Rencana alih status tersebut tertuang dalam Peraturan Daerah Rencana Tata Ruang Wilayah Provinsi Gorontalo 2010-2030. Dalam Pasal 47 dicantumkan bahwa Nantu sedang diusulkan menjadi taman nasional promosi.
Suaka Margasatwa Nantu, Cagar Alam (CA) Panua, CA Tanjung Panjang, dan Taman Nasional Bogani Nani Wartabone termasuk dalam rencana pengembangan kawasan lindung di Gorontalo.
Rahman Dako, aktivis dari Sustainable Coastal Livelihoods and Management (Susclam), sebuah organisasi nirlaba di bidang lingkungan di Gorontalo, mengemukakan bahwa kemampuan pemerintah mengelola kawasan lindung sangat terbatas. Apalagi, kawasan lindung di Gorontalo selalu identik dengan konflik.
Ia mencontohkan kasus alih fungsi lahan di CA Tanjung Panjang dan CA Panua menjadi pertambakan. Hingga kini kasus alih fungsi di kedua cagar alam itu menjadi pertambakan penyelesaiannya berlarut-larut.
”Saya khawatir jika Nantu menjadi taman nasional, akan timbul konflik baru. Sebab, ada masyarakat yang menggantungkan hidupnya dari sumber daya alam yang ada di Nantu dan jika sudah berstatus taman nasional ketergantungan mereka terancam,” kata Rahman, Selasa (17/1/2012), di Gorontalo.
Aktivis Jaring Advokasi Pengelolaan Sumber Daya Alam (Japesda) Gorontalo, Mohammad Djufryhard, mengemukakan perlunya pembatasan atau zonasi yang tegas jika Nantu berubah status menjadi taman nasional. Zonasi itu harus mengakomodasi ketergantungan masyarakat sekitar terhadap sumber daya alam di Nantu.
Ia pun meyakini seandainya status taman nasional terhadap Nantu ditetapkan, bakal terjadi konflik kepentingan ekonomi warga sekitar Nantu dengan kepentingan konservasi.
”Ingat, pemerintah mengelola Taman Nasional Bogani Nani Wartabone saja sudah kewalahan dalam kasus alih fungsi menjadi pertambangan. Saya khawatir, jika Nantu menjadi taman nasional, alih fungsi menjadi pertambangan bakal terulang dan timbul konflik baru lagi,” ungkap Djufryhard.

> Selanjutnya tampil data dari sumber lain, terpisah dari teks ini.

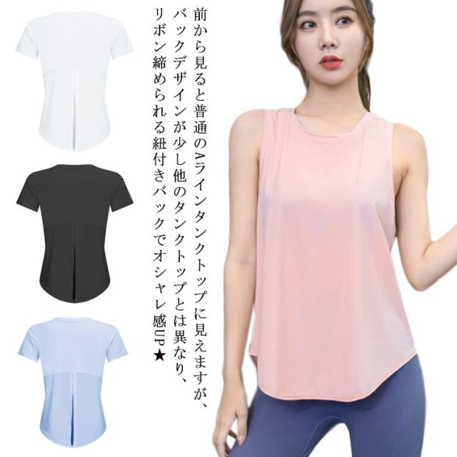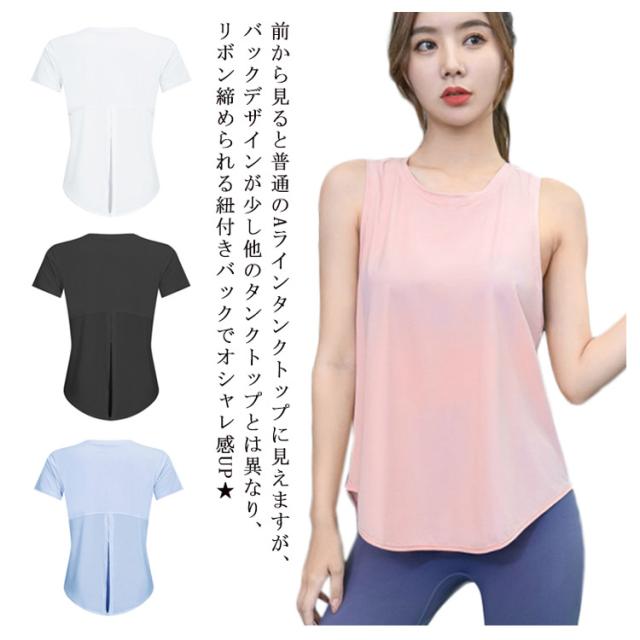 インナー リボンバックデザイン ダンス タンクトップ トップス レディース ヨガ レディースウェア 2タイプ×4カラー おしゃれ yoga スポーツブラ タンクタイプ ピラティス ジム ランニング ヨガウェア
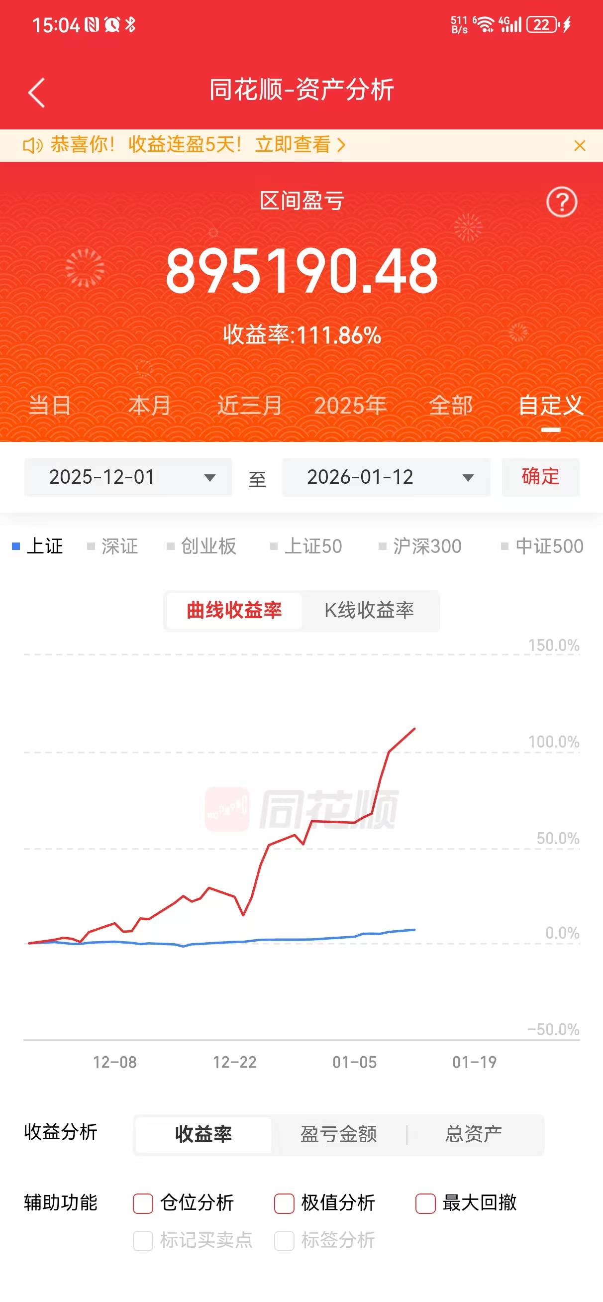 从12月1日到现在翻倍了,纪念一下不知道是我悟道了?还是走了运?或者说是行情

Soal kemampuan sumber daya manusia, Kepala Seksi Konservasi Wilayah Gorontalo Sjamsuddin Hadju mengakui bahwa di Gorontalo kekurangan sumber daya manusia untuk mengelola kawasan konservasi yang ada. Dari lima kawasan konservasi di Gorontalo, yaitu CA Tanjung Panjang, CA Panua, CA Tangale, CA Popaya Mas Raja, dan Suaka Margasatwa Nantu, hanya dijaga empat polisi hutan. Padahal, total luas seluruh kawasan tersebut sekitar 48.000 hektar.

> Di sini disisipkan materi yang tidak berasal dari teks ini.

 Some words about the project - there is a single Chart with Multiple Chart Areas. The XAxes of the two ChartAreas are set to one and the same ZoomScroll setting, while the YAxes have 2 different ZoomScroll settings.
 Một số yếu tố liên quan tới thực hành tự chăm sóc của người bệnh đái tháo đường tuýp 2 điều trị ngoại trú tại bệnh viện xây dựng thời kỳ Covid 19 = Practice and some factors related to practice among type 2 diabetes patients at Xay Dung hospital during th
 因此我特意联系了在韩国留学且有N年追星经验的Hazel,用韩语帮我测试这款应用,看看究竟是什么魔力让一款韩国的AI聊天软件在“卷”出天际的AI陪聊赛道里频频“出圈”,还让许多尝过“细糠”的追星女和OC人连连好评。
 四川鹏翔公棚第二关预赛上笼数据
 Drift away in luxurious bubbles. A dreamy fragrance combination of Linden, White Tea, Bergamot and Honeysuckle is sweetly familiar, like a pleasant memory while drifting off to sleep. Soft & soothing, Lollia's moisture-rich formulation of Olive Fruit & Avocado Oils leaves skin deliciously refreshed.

”Jumlah petugas kami di lapangan yang berjaga di kawasan konservasi sangat jauh dari ideal. Seharusnya, setiap 2.000 hektar dijaga seorang petugas atau polisi hutan. Minimnya jumlah polisi hutan akan menyebabkan kawasan konservasi rawan dari ancaman pencurian hasil hutan, perburuan satwa langka, atau perambahan hutan,” kata Hadju.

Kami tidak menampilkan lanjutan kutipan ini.